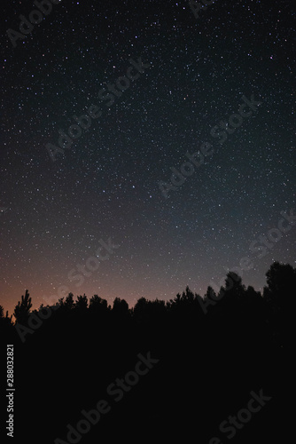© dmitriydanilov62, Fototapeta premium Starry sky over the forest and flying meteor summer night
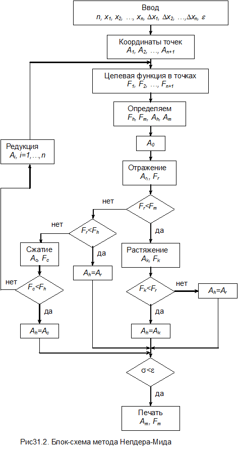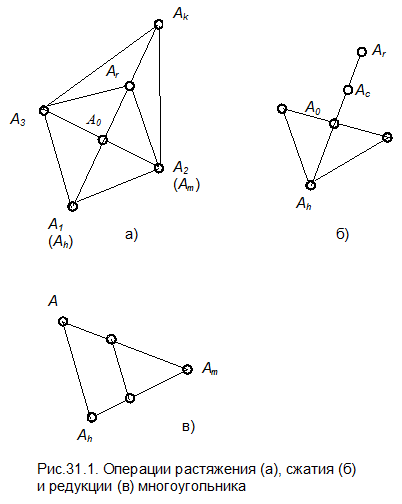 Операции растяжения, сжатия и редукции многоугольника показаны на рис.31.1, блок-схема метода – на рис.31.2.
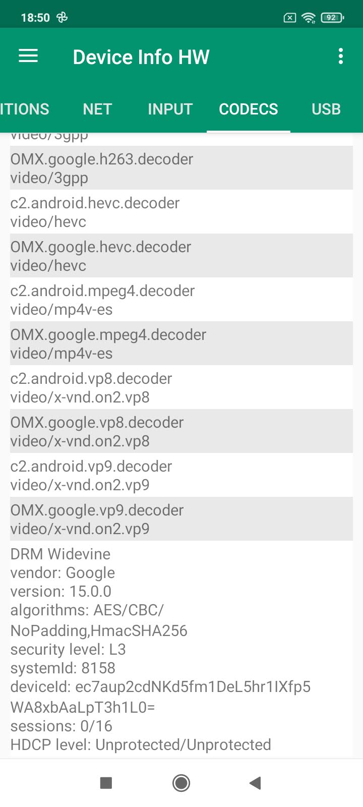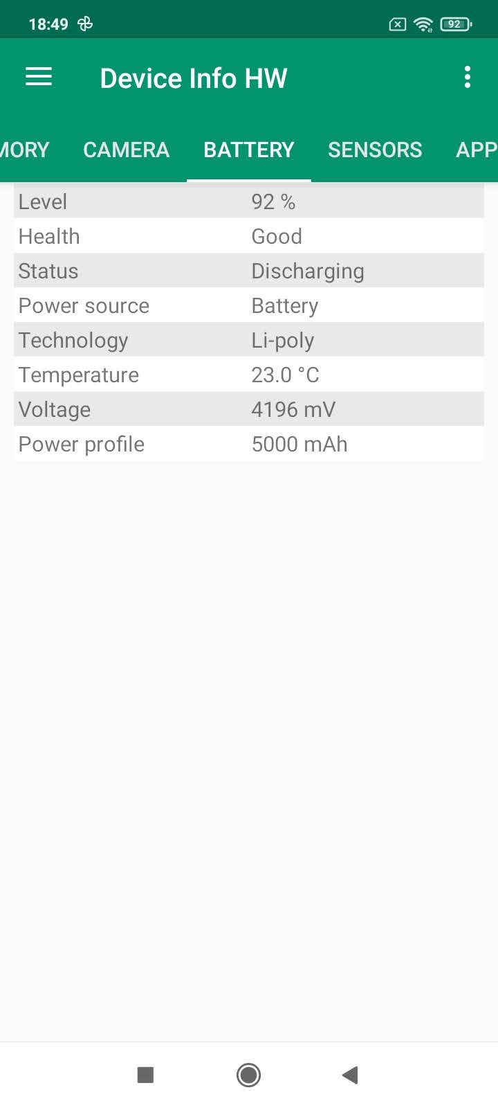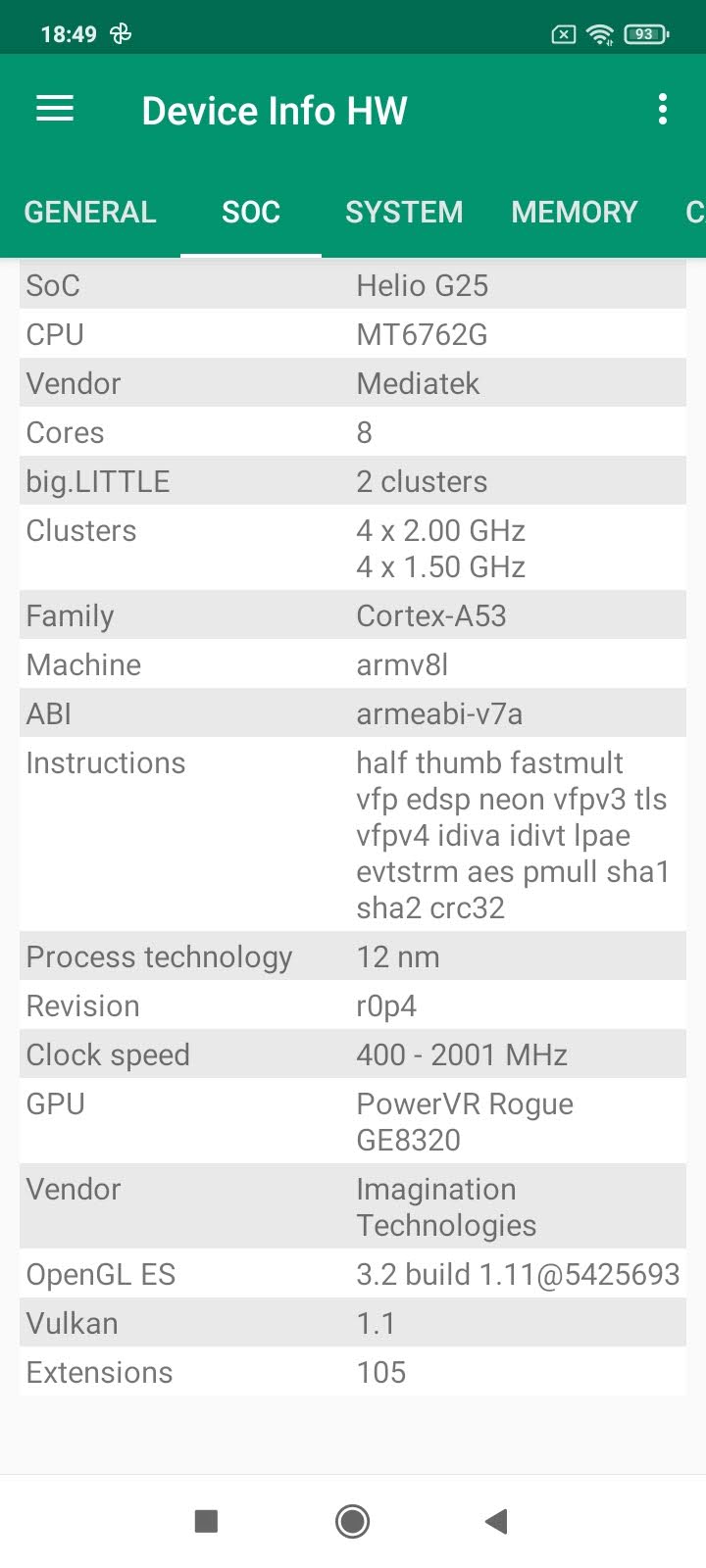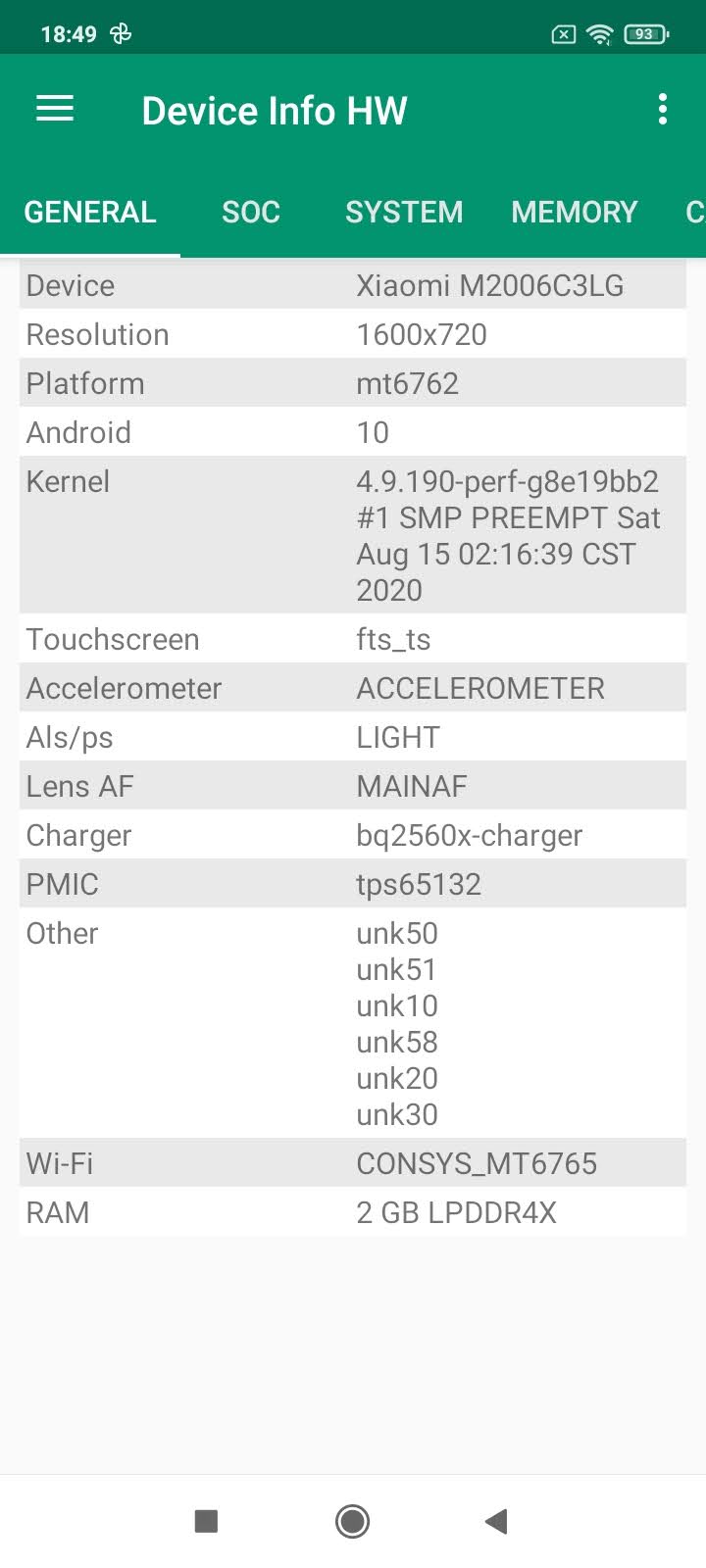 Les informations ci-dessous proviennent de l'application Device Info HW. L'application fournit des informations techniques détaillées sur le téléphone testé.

........

Reproduce the data above word for word from its first line through the line that holds "Операции растяжения, сжатия", both ends included; skip pictures.

OUTPUT OF THE TASK:
© dmitriydanilov62, Fototapeta premium Starry sky over the forest and flying meteor summer night
 Операции растяжения, сжатия и редукции многоугольника показаны на рис.31.1, блок-схема метода – на рис.31.2.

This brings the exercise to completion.